Tuesday, March 13, 2018

PLANNING RE SAB (and anywhere else)

Planning and preservation indeed! If you fail to plan you plan to fail. And we ARE tying to figure how to save colonial heritage, which is a basis for tourism and having a sense of identity. A lot of people are passionate about putting up new buildings, while I've spent my life opposing new buildings. All over Jamaica, they have erased history through demolition of the old. The cement to build them comes at the cost of environment and scenic value. I wonder if a better way to provide jobs can'rt be found. 

We must consider fossil fuel for all the modern conveniences--electricty, cooling, refrigeration, transportation--that come with new buildings. 

There is climate crisis. The percentage of greenhouse gases in the atmosphere is higher than in all of human history.

We have a topsoil crisis, vegetation is being scraped away uncritically, wildlife has halved in the past 40 years, the oceans are almost dead.

We have a population crisis. Population has doubled in the last 40 years alone, based on the the exponential growth factor. This crisis in growth troubles the heck out of me, even if it doesn't disturb others at all. Half the Amazon Rainforest, the lungs of the planet, has gone since I was born. 

I don't put individual rights over the ability of planetary life to exist in the future. 

If there was planning people with land wouldn't be left hanging. There would be transfer of development rights, like we sort of have in some places here. The land holder gets money from the sale of their development quota to a buyer in a "receiver" site that is allowed to build more densely than would be normal for that zoning. But while that is more thoughtful and fair, we're still up against absolute limits of a finite world. So I don't know what is a fair way out of the hell we've backed into. One suggestion might be to wrest deserted buildings away in some deal and compensate open-land owners by letting them restore it and use it profitably.

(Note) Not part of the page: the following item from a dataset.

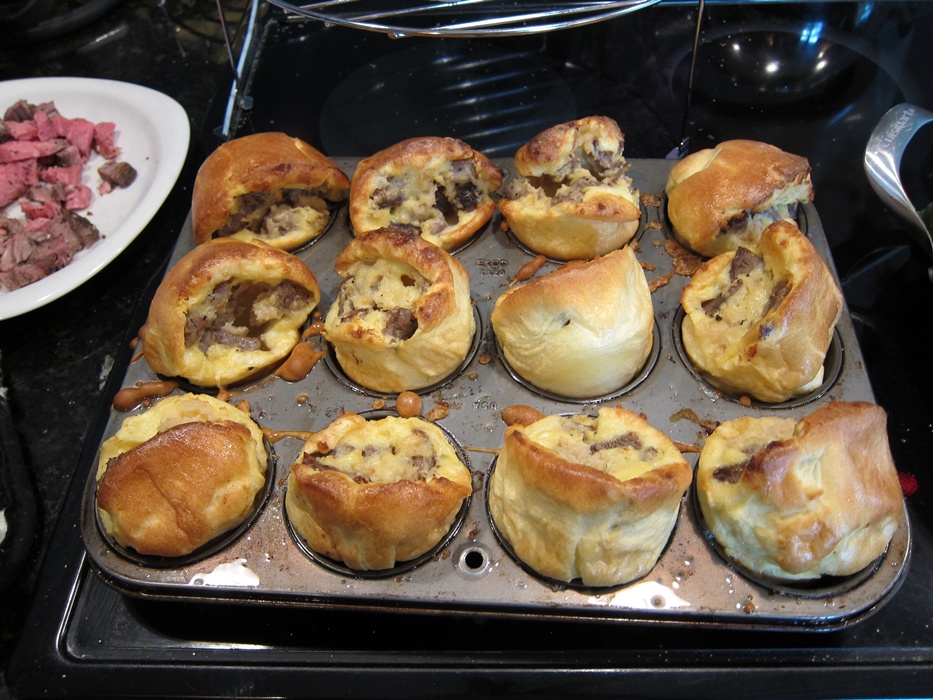 This is a pretty easy dinner, and a good way to use up leftovers if you ever try making prime rib (which also turns out to be super easy). They grow super tall in the oven, but deflate a fair amount if not eaten pretty fast.

It's not that I have any power over planning, or the destruction of the planet. It's not that my side is winning. It's just that as long as I live, I will oppose new buildings with my puny ability to affect anything. I can give assurance that I'm not into win/lose outcomes. I believe you have to plan like crazy to avoid that and see that everyone comes out with something. You can turn lemons into lemonade. Every dark cloud has a silver lining. Open land can be used for camping and retreats..,.producing some income rather than none. All of these thorny issues require intense planning.